China’s Ping An Technology aims to generate half its business from external customers

Ping An Technology, a subsidiary of China’s second-largest life insurer, is aiming to develop a multi-billion-yuan business in coming years by offering in-house technologies and services to external customers.

The strategy will see it go up against mainland internet giants amid the parent Ping An Insurance (Group)’s efforts to transform into a technology-driven financial conglomerate.

“We have got off to a good start in wooing more external customers, and expect the business could account for about half of Ping An Technology’s total in three to five years,” Ricky Ou Haiying, the company’s chief product officer, told the South China Morning Post. “In certain areas, we will directly compete with the established giants.”

He would not disclose the sales target set by Ping An Technology, but said the size of the business could amount to several billion yuan.

The company’s artificial intelligence technologies, which include facial recognition, as well as its cloud computing services can be applied to other financial institutions, public utilities and manufacturing firms as they increasingly adapt to a digital era amid Beijing’s “Internet Plus” strategy.

We have got off to a good start in wooing more external customers, and expect the business could account for about half of [our] total in three to five years
Ricky Ou Haiying, chief product officer

Ping An Technology was founded in 2008 as an in-house provider of information technology services for all companies within the group.
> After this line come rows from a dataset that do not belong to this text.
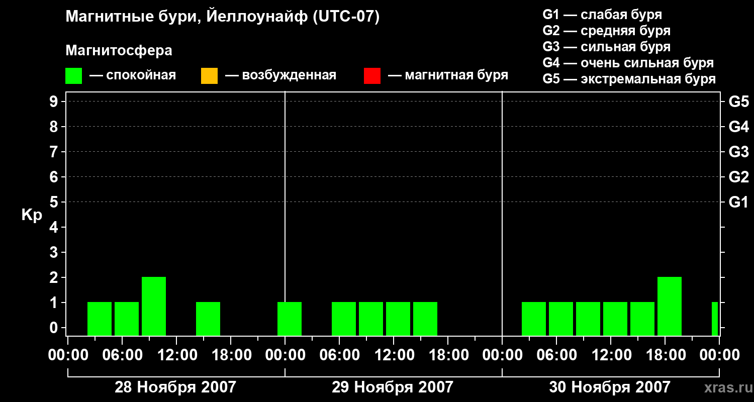 Изменения геомагнитного индекса Kp с 28 по 30 ноября 2007 года для средних широт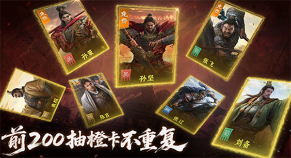 游戏首创“前200抽橙卡不重复”机制,每次抽取金卡都可获得全新猛将。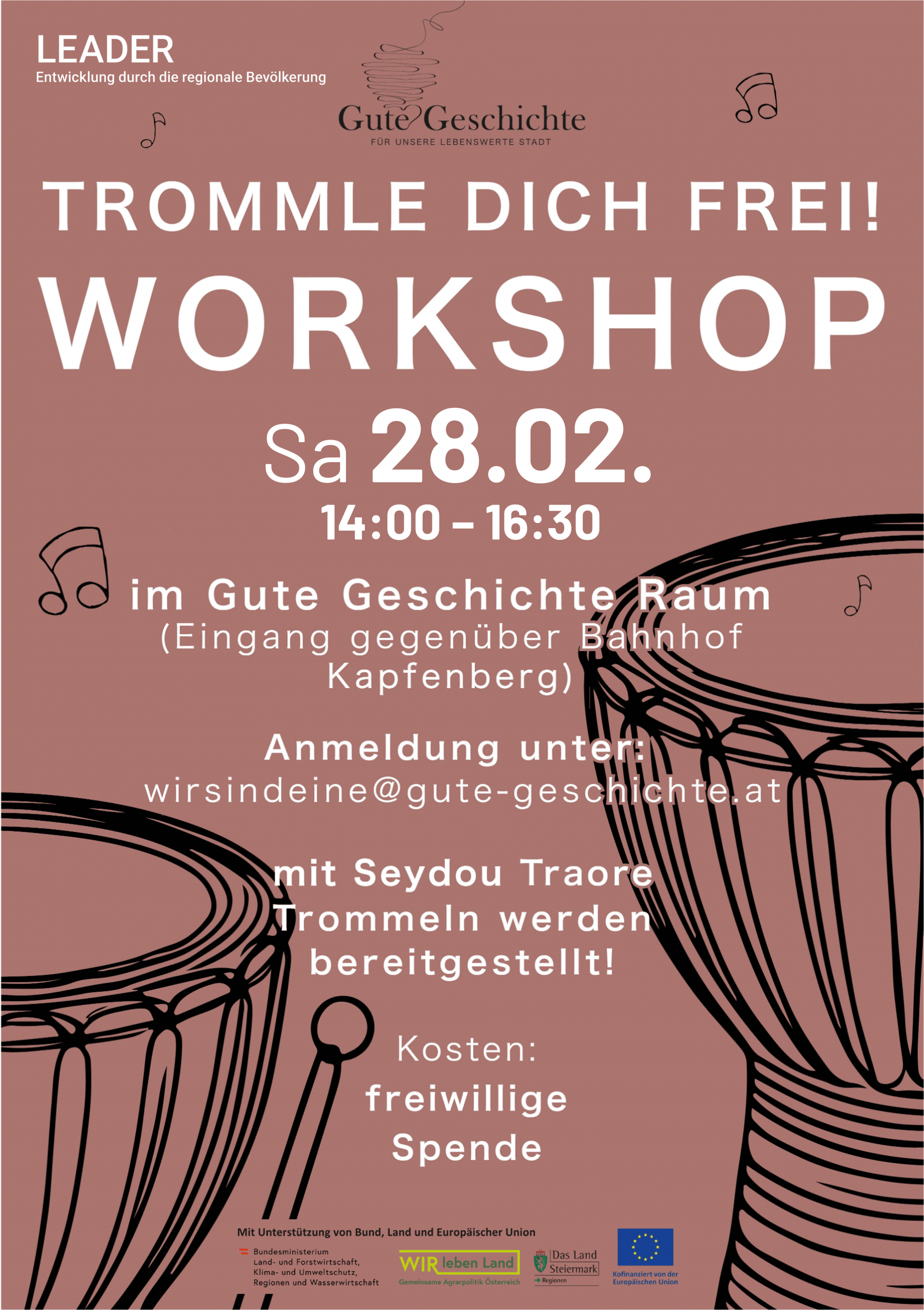Sa28Feb14:0016:30Trommle dich frei! - Workshop14:00 - 16:30 im Gute Geschichte Raum

It currently has about 6,500 staff.

Ping An Insurance has been leading the charge among China’s financial giants to digitise their operations in recent years, by creating a number of online businesses such as Lufax, an online wealth management and lending platform.
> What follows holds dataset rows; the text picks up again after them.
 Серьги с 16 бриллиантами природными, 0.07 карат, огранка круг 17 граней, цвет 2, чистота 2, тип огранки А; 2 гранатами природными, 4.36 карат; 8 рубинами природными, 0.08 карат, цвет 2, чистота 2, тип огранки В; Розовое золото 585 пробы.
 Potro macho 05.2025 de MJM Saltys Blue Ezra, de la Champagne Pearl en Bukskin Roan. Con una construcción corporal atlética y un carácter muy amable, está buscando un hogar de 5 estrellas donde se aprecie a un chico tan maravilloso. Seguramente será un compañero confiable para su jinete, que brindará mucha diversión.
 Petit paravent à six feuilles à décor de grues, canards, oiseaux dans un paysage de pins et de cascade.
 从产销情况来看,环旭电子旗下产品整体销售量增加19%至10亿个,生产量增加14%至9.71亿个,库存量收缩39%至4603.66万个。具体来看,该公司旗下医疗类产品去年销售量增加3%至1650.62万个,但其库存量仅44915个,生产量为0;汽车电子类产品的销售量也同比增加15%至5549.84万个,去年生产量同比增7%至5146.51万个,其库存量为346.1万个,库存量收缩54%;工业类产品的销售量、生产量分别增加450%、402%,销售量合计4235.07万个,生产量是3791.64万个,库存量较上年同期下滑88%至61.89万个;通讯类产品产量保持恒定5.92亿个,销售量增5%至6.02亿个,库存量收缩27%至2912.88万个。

Ping An Insurance president Alex Ren Huichuan said last week that the group, which already has 22,000 research and engineering staff, would invest 50 billion yuan (US$7.6 billion) over the next decade to spur technological innovation.
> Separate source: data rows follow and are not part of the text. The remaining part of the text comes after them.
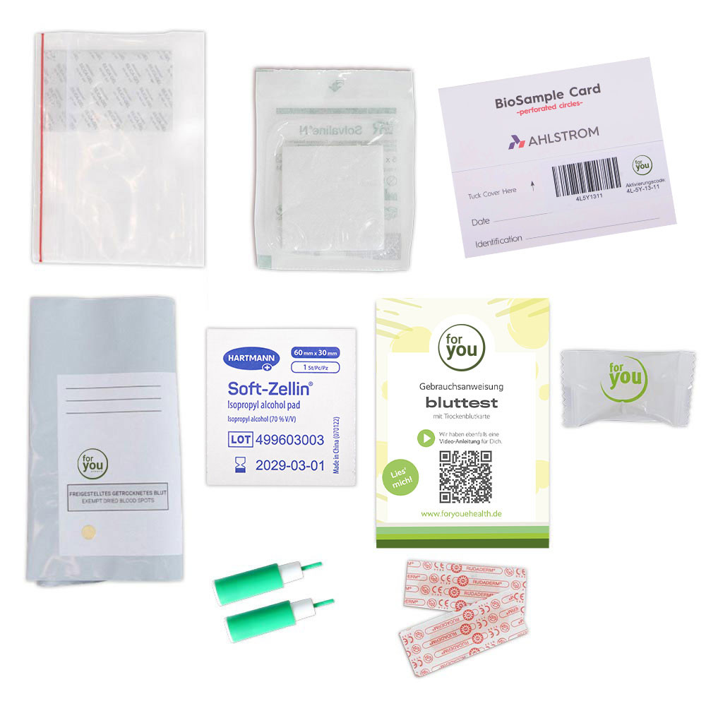 Der for you nahrungsmittelunverträglichkeits test ist ein Trockenbluttest zur Bestimmung von Nahrungsmittelunverträglichkeiten. Es lassen sich die Reaktionen auf 38 Nahrungsmittel, sowie das Gesamt-IgE bestimmen.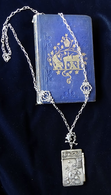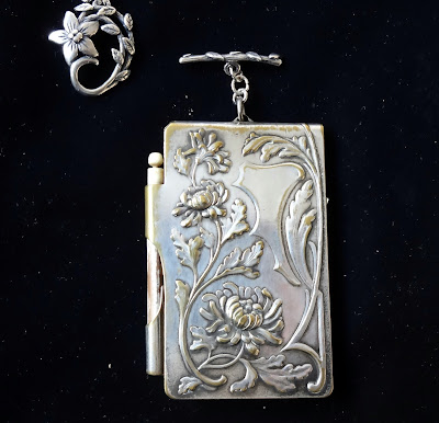 Un oggetto di altri tempi meravigliosamente cesellato con motivi floreali sia fronte che retro, che le dame portavano ai balli per annotare l'ordine delle danze richieste dagli spasimanti. Ho montato il carnet in modo che fosse possibile portarlo da una parte o dall'altra, così sarà come avere due collane in una. Ho completato il montaggio con una catena dalle maglie insolite e degli elementi floreali che si sposano coi decori del carnet. Il carnet ha ancora il blocchetto e portamine originali. Questo è per un'amica scrittrice e poetessa, non so pensare a niente di più indicato per un'artista della parola.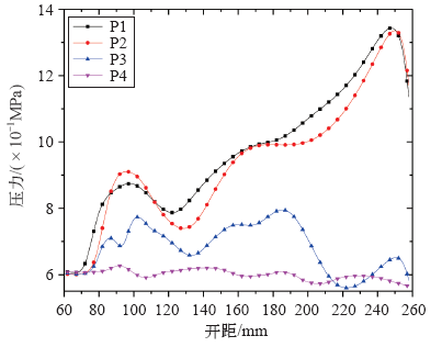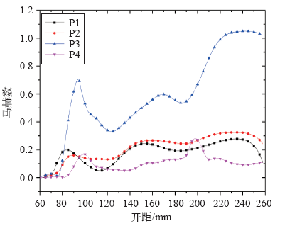 通过对计算结果的比较,得到气流马赫数与速度分布一致,图3为灭弧室内P1~P4采样点处马赫数随开距变化曲线。分析可知:90mm开距前,由于喷口堵塞,气流量较少,少量气流经喷口喉部间隙进入下游,大部分气体在上游积聚,灭弧室内P1、P2、P4点气流马赫数较小,P3点位于喷口喉部间隙处,只有有限气流向喷口下游扩散且速度较大,但气流从压气缸流出并流入断口间马赫数均较低,而由于拉伐尔喷口“收–放”作用,使流过喉部的气流速度增大,马赫数随之增大,此时大部分气流由于喷口的堵塞由辅助喷管侧流出,因为辅助喷管通道顺畅,所以流过气体速度逐步增大,马赫数也较大。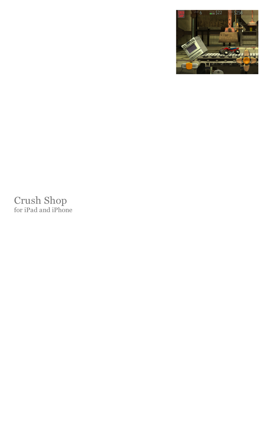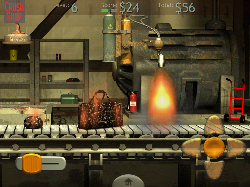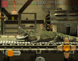 Crush Shop is an action\arcade game. It requires quick response, coordination and skill. You own a demolition shop and work with the police to destroy stolen goods that they capture. You get paid for every item that you smash burn and destroy (a fee tag is attached to every item). You need to select the proper tools for every demolition job. As the degree of difficulty increases with every level, you also encounter dangerous items that you must find the way to handle. If you don’t... well, if you don’t, get ready to spend a lot of your money (game money) on damage repairs. Be especially worry about the mighty alligator. You can earn a lot of money if you catch it, but how? This elusive animal will cost you an arm and a leg before you figure that out.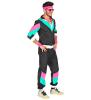 The 80's Shell suit includes a zip up tracksuit jacket and a pair of matching tracksuit bottoms. This 80's look feature trousers with an elasticated waist.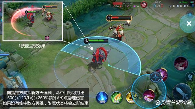 简单理解吕布的被动即“真实伤害、血量回复”,此处需要重点理解的是“挥斩方天画戟的技能”,其实指的是能够对目标造成伤害的技能(1技能和大招)。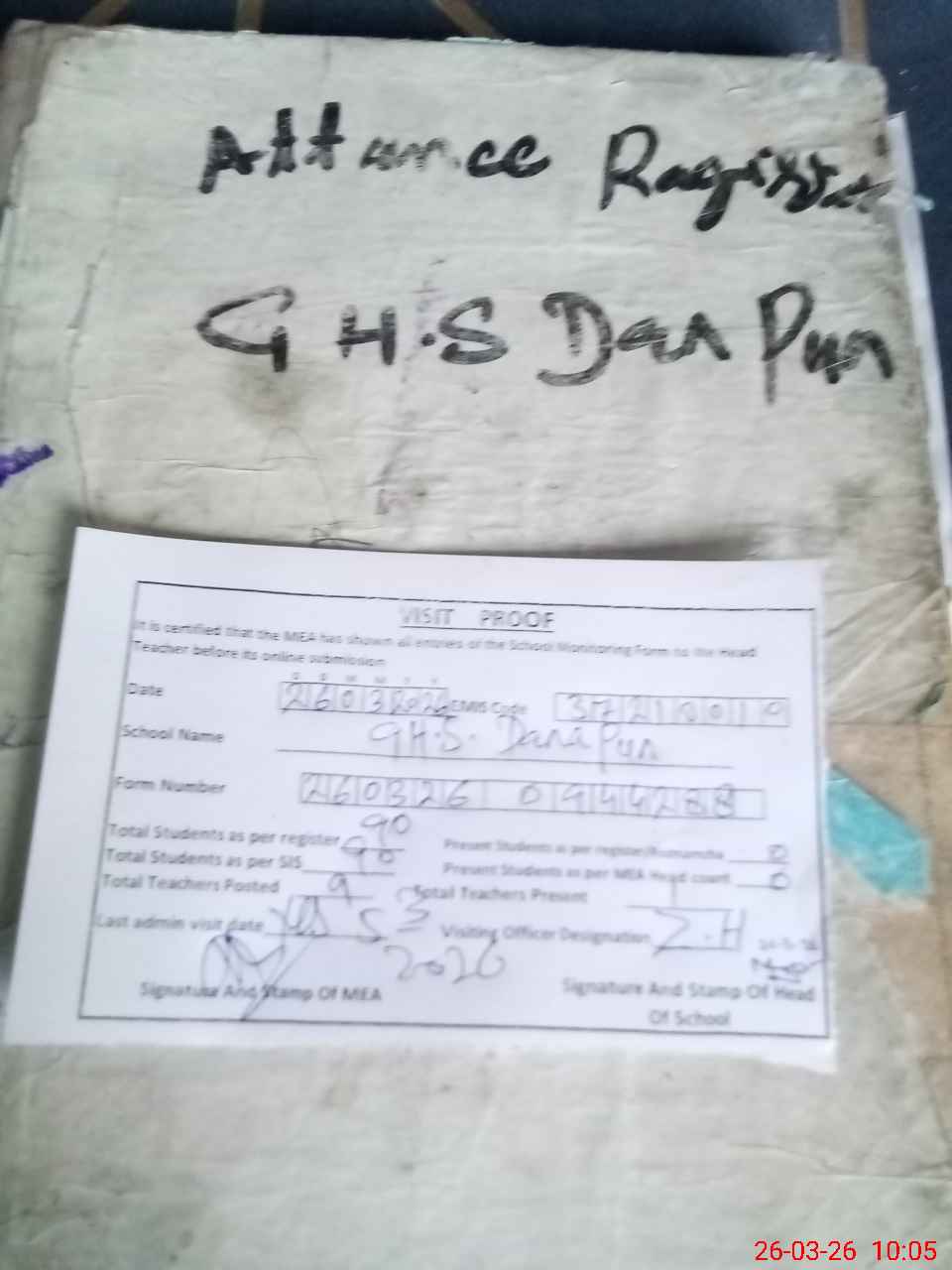 | Attendance Register | Head Teacher | MEA with School | Visit Proof |
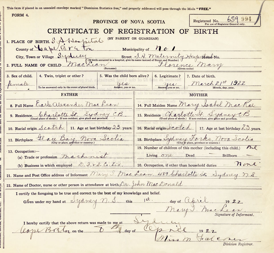 21. Name and Post Office address of Informant Mary I. MacLean 489 Charlotte St., Sydney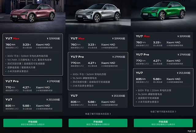 YU7上市首日订单就突破了28.9万辆,这数字听起来非常惊人,但首月实际交付只有6024辆。反差这么大的结果就是用户排队等车,而小米却优先生产交付高配版。显而易见,这些车型利润更高。

In May, Ping An Insurance announced the appointment of Jonathan Larsen, former head of retail banking and mortgages at Citigroup, as its chief innovation officer.

Larsen is now overseeing a US$1 billion global investment fund focusing on financial technology and health care. Ou said that Ping An Technology would help the fund localise the latest technologies on the Chinese mainland.

At present, one fourth of the tech subsidiary’s facial recognition business is derived from external customers, Ou added.

Ping An’s facial recognition system, which claims to have a 99.8 per cent accuracy rate, allows online loan applications to be verified and processed in just few minutes.

The group’s Pu Hui iLoan business uses facial recognition to process about 50,000 applications each day.

“In the financial sector, we need to use our existing technologies to support the operations of the external customers,” Ou said. “We also want to expand to other industries that need our solutions to improve security. This will be a new area where we want to strengthen research and development.”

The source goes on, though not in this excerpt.